*** Opening of Source data ***

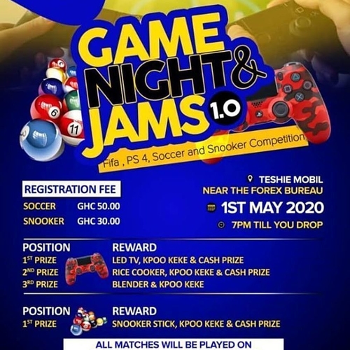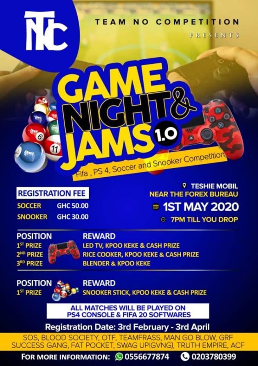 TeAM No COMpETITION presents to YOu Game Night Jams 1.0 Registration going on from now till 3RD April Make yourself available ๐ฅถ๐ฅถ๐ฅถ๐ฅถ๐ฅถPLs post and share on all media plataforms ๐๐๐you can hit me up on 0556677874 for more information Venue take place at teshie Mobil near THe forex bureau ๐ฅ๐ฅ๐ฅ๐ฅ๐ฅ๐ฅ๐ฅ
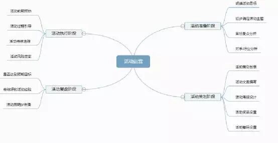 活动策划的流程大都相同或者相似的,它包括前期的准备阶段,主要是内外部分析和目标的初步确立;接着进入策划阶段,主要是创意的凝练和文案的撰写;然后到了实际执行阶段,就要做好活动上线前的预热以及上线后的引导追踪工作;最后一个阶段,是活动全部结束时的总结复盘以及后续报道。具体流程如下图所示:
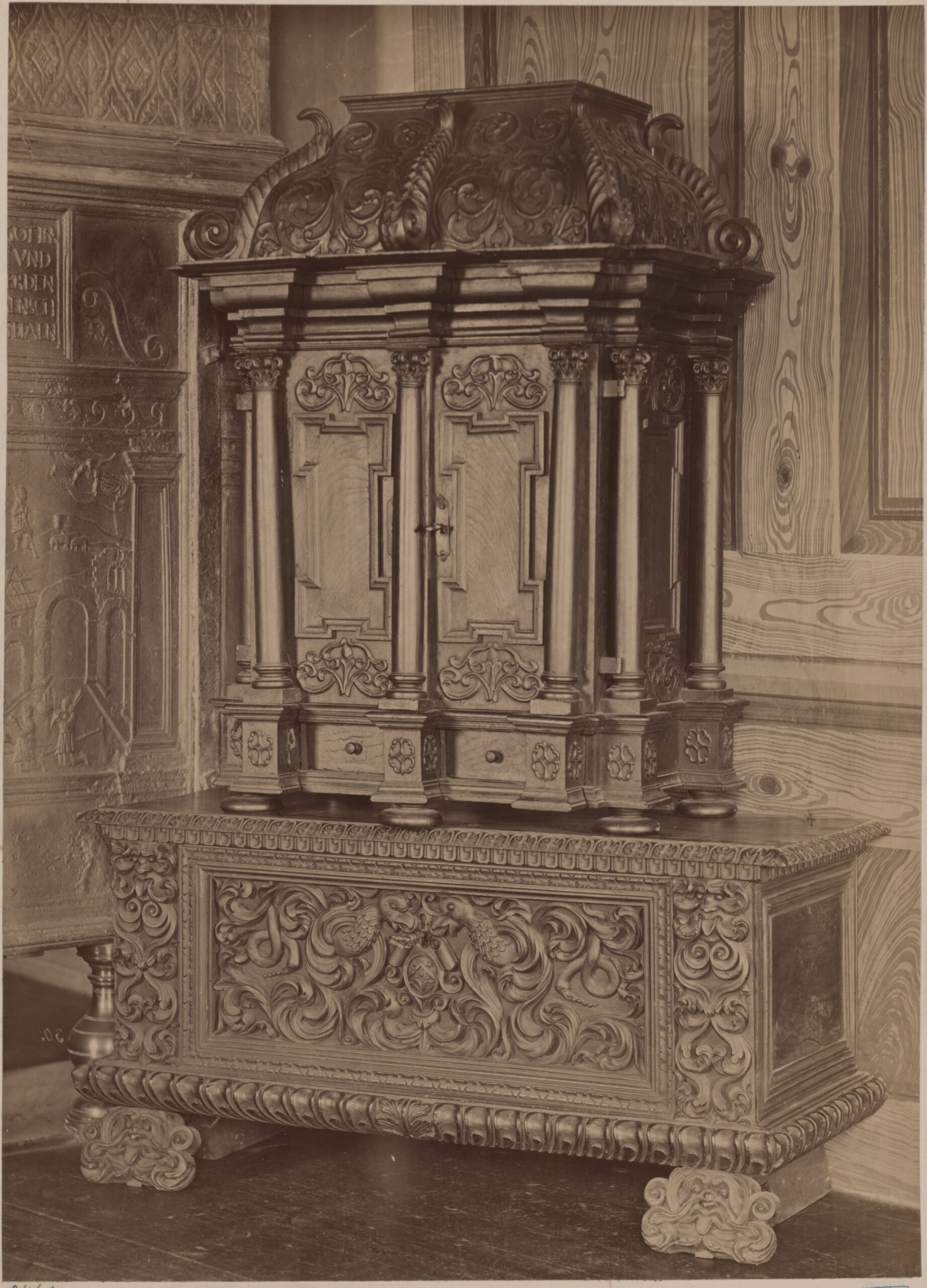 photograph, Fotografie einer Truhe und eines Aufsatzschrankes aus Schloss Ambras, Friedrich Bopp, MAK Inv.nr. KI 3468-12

*** Close of Source data ***

Work instructions: Write out the whole listing exactly, and drop the pictures.

Answer area:
 TeAM No COMpETITION presents to YOu Game Night Jams 1.0 Registration going on from now till 3RD April Make yourself available ๐ฅถ๐ฅถ๐ฅถ๐ฅถ๐ฅถPLs post and share on all media plataforms ๐๐๐you can hit me up on 0556677874 for more information Venue take place at teshie Mobil near THe forex bureau ๐ฅ๐ฅ๐ฅ๐ฅ๐ฅ๐ฅ๐ฅ
 活动策划的流程大都相同或者相似的,它包括前期的准备阶段,主要是内外部分析和目标的初步确立;接着进入策划阶段,主要是创意的凝练和文案的撰写;然后到了实际执行阶段,就要做好活动上线前的预热以及上线后的引导追踪工作;最后一个阶段,是活动全部结束时的总结复盘以及后续报道。具体流程如下图所示:
 photograph, Fotografie einer Truhe und eines Aufsatzschrankes aus Schloss Ambras, Friedrich Bopp, MAK Inv.nr. KI 3468-12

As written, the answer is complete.